I was also impressed by the food on offer. Tuesday night, my friend Neha and I walked over to Hampstead for dinner at Jin Kichi. This tiny, unimposing Japanese izakaya serves up some of the tastiest yakitori and sashimi I’ve ever had. We sat at the bar of course, enabling us to take in all the action and soak in the sights and smells that make the meal so much more of a sensory experience. One bite of the asparagus yakitori and I felt I’d been transported back to Japan! Jin Kichi is a cozy, intimate spot so if you do plan to visit, make sure to book ahead. Its Yelp, TripAdvisor and UrbanSpoon ratings can’t hurt its popularity either.

Jin Kichi on Urbanspoon

London and New York

London has always been an international city. Mobs of tourists, hordes of European students, wealthy expats, hopeful immigrants, migrant workers — take your pick, the city has them all. Step out into its busy streets and odds are you’ll hear more than two languages and encounter at least three accents before you reach the tube. What always amazes me, however, is how all of London’s international residents manage to retain their identities while living in what was once the quintessential British city.

Mid-afternoon in Hyde Park

Mid-afternoon stroll in Hyde Park

Move to New York and you’ll become a New Yorker (and in turn, an American). Before long, you’ll be walking faster, planning Super Bowl parties, running after cabs in heels, and contemplating your Halloween outfit months in advance. You’ll “do brunch” and you’ll probably celebrate Thanksgiving (you’ll also have to break it to at least one American that Thanksgiving isn’t a universal thing) and you may well end up leaving your adopted country surprisingly infrequently.

Live in London, on the other hand, and you could be exactly who you were when you arrived. You could live in the French neighbourhood, hang out with only French people and visit your French family on a monthly basis. I once had a Moroccan colleague who, after five years in London, had never heard of Guy Fawkes. When I asked why he thought fireworks went up every November 5th, he remarked that it was “some British thing”. To lean on a cliché, if New York is the melting pot, London is the tossed salad — a giant bowl of ingredients, mixed but distinct.

Highs and Lows

London’s diverse population makes for uniquely interesting conversations. Nowhere else in the world have I sat at a dinner table and debated Greece’s economy with a Greek, learned about the Bosnian war from a Sarajevan and planned a Croatian holiday with input from a Dubrovnik native. If your preference is to talk European politics and history, rather than real estate and hot restaurants, this may well be your city.

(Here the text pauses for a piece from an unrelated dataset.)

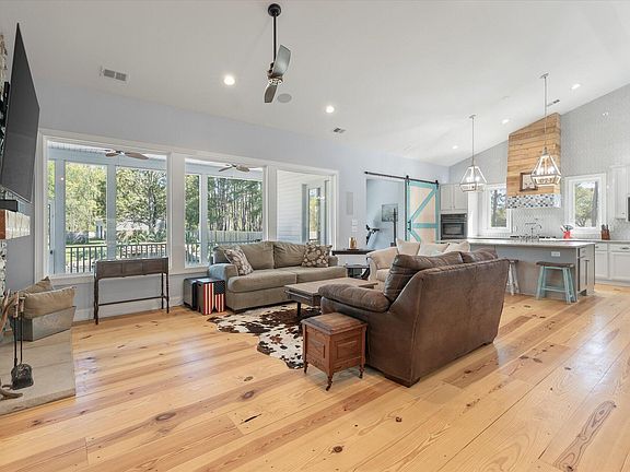 Situated on 9 beautiful acres 20 minutes from West Ashley and 25 minutes from Edisto Beach, this custom home is a private paradise with endless features and upgrades. The home's beautiful exterior greets you with elegant copper gas lanterns, cedar shutters and window boxes. Inside welcomes you into a breathtaking open concept with vaulted ceilings through most of the home as well as 10ft walls and 8ft doors throughout. Exquisite pine floors (12in wide and up to 12ft plank lengths) extend throughout the house. The living room features a gorgeous stone, wood-burning fireplace and in-wall surround sound. The designer kitchen showcases a handcrafted range hood, elegant backsplash carrying up to the vaulted ceiling, pre-sealed and leathered quartzite countertops, island, pot filler, double oven, gas range, stainless steel appliances, large farm sink, and walk-in pantry. The primary bedroom includes a vaulted ceiling and oversized windows overlooking the beautiful backyard. The ensuite bathroom includes separate dual vanities and connects to incredible his and hers closets. A free-standing Generac ensures this dream home maintains power, automatically powering the house within 15 seconds of outages. Enter the backyard through a large screened-in porch, and behold your private resort! 1000 sq ft of travertine surrounds a stunning saltwater pool with grotto, waterfall, large sun ledge, and AC/heating unit for nearly year-round use. Outdoor surround sound elevates this oasis for maximum entertainment. Additional features include a 60ft by 30ft, 3-bay second garage (220 power) for an amazing workshop & equipment storage. The backyard is wonderful for pets with a custom doghouse with AC/heat and a plumbed water bowl that refreshes water every 30 minutes. This magnificent property affords peace and privacy while delivering luxury, amenities and upgrades. Life is good at 6238 Spring Grove Rd!

London also wins when it comes to location. The fact that you can jet off to a different European city every weekend isn’t news. It’s been more than 10 years since RyanAir and EasyJet transformed the European travel market with their cheap, no frills services, but the trend is going strong. Wine in Bordeaux, chocolate in Bruges, skiing in Geneva… there’s culture, history, architecture, literature, natural beauty, food and it’s all just a short hop away.

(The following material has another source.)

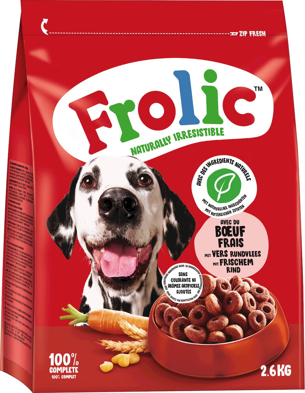 Dogs love Frolic! The tasty Frolic Complete is a balanced meal that contains everything your dog needs! This food is tailored to meet the needs of adult dogs, providing them with essential vitamins and minerals from carefully selected ingredients like protein-rich beef, delicious vegetables, and tasty wheat. This will help your dog stay full of energy throughout the day.

The downside (and there always is one), is that living in London means you have to contend with the constant crowds, the heaving tube, the mediocre food (sorry, the bar is still low) and, of course, the exorbitant prices. (I’m not going to pick on the weather because I grew up on, and secretly adore, grey skies.) London has always been an expensive city but over the past decade or so, unbridled demand from overseas investors has driven the property market through the roof and sadly pushed locals farther afield. To make it worse, London salaries, for the most part, haven’t kept pace with the increased cost of living, making it harder to enjoy all of the perks and quirks that the city puts on offer.

One of the best things about London is its permanence; come what may, this bastion of culture and history and tradition will stand strong: steadfast, unyielding, unchanged. At times though, it feels like this is the exact thing holding it back. It’ll be interesting to see what happens.